Another common approach to this type of problem is to use a correlated subquery in the SELECT list. For returning a small set of rows, this can perform reasonably well. But for returning large sets, there are more efficient approaches.
SELECT i.identifier
, i.name
, i.subtitle
, i.description
, i.itemimg
, i.mainprice
, i.upc
, i.isbn
, i.weight
, i.pages
, i.publisher
, i.medium_abbr
, i.medium_desc
, i.series_abbr
, i.series_desc
, i.voicing_desc
, i.pianolevel_desc
, i.bandgrade_desc
, i.category_code
, r.overall_ranking
, ( SELECT n1.name
FROM itpitnam n1
WHERE n1.item_number = r.item_number
ORDER BY n1.type_code, n1.name
LIMIT 1
) AS artist
, ( SELECT n2.type_code
FROM itpitnam n2
WHERE n2.item_number = r.item_number
ORDER BY n2.type_code, n2.name
LIMIT 1
) AS type_code
FROM itpitems i
JOIN itprank r
ON r.item_number = i.identifier
WHERE mainprice > 1
LIMIT 3
That query will return the specified resultset, with one significant difference. The original query shows an INNER JOIN to the itpitnam table. That means that a row will be returned ONLY of there is a matching row in the itpitnam table.
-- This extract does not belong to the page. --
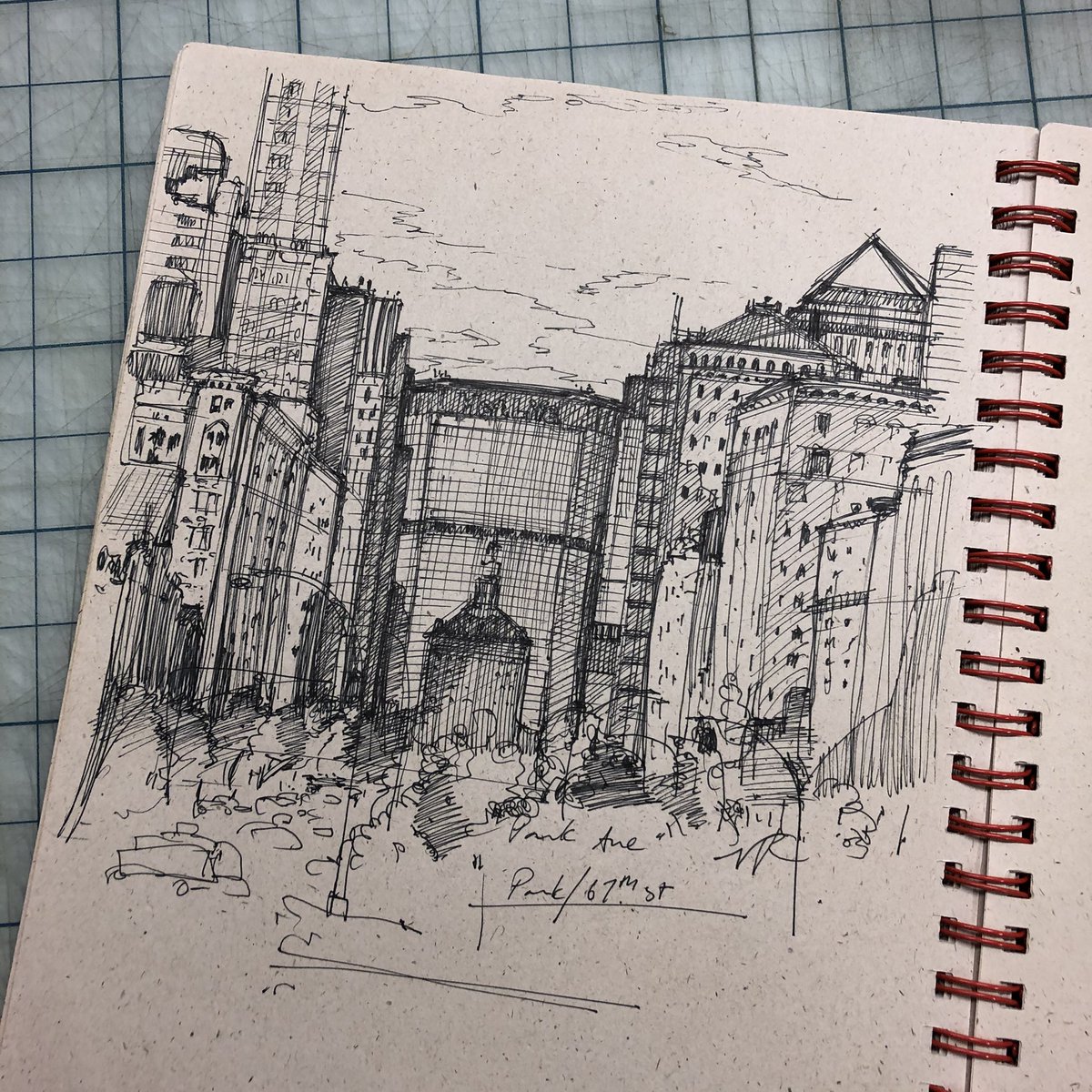 Day 22 of #Inktober. ‘Park Ave/67th St.’ - Manhattan, NY. 2003. #Travel #Destination #Art #Manhattan #NY #NewYorkCity #MetLifeBuilding #ParkAve #UpperEastSide #Sketch #Sketchbook

The query above, however, emulates an OUTER JOIN, the query will return a row when there is no matching row found in itpitnam.
UPDATE
For best performance of those correlated subqueries, you'll want an appropriate index available,
... ON itpitnam (item_number, type_code, name)
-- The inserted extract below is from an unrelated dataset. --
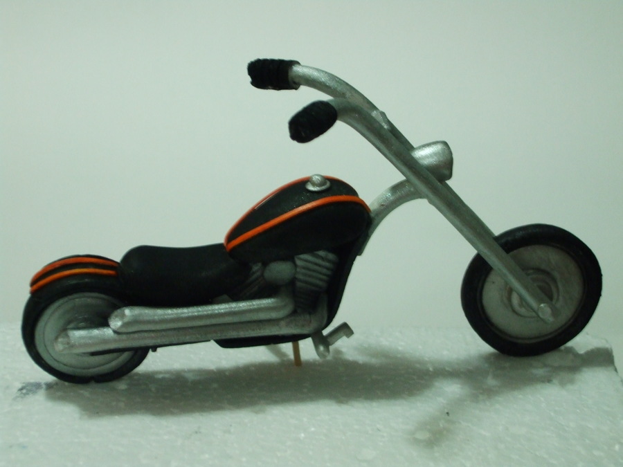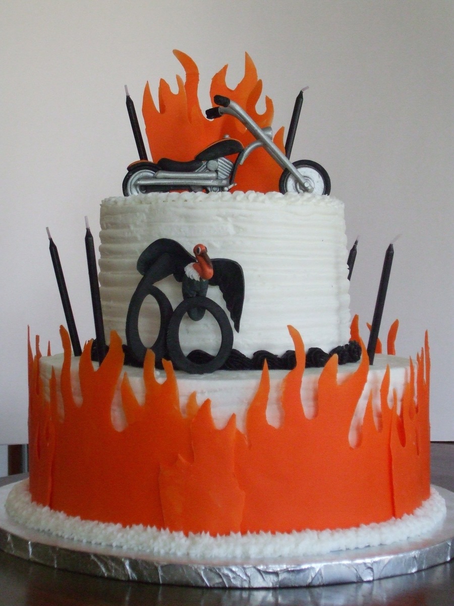 buttercream cake with chocolate flames and gumpaste harley and buzzard

That index is most appropriate because it's a "covering index", the query can be satisfied entirely from the index without referencing data pages in the underlying table, and there's equality predicate on the leading column, and an ORDER BY on the next two columns, so that will a avoid a "sort" operation.
--
If you have a guarantee that either the type_code or name column in the itpitnam table is NOT NULL, you can add a predicate to eliminate the rows that are "missing" a matching row, e.g.
HAVING artist IS NOT NULL
(Adding that will likely have an impact on performance.) Absent that kind of guarantee, you'd need to add an INNER JOIN or a predicate that tests for the existence of a matching row, to get an INNER JOIN behavior.
SELECT a.*
b.overall_ranking,
c.name AS artist,
c.type_code
FROM itpitems a
INNER JOIN itprank b
ON b.item_number = a.identifier
INNER JOIN itpitnam c
ON b.item_number = c.item_number
INNER JOIN
(
SELECT item_number, MAX(type_code) code
FROM itpitnam
GROUP BY item_number
) d ON c.item_number = d.item_number AND
c.type_code = d.code
WHERE mainprice > 1
LIMIT 3
Follow-up question: can you please post the table schema and how are the tables related with each other? So I will know what are the columns to be linked.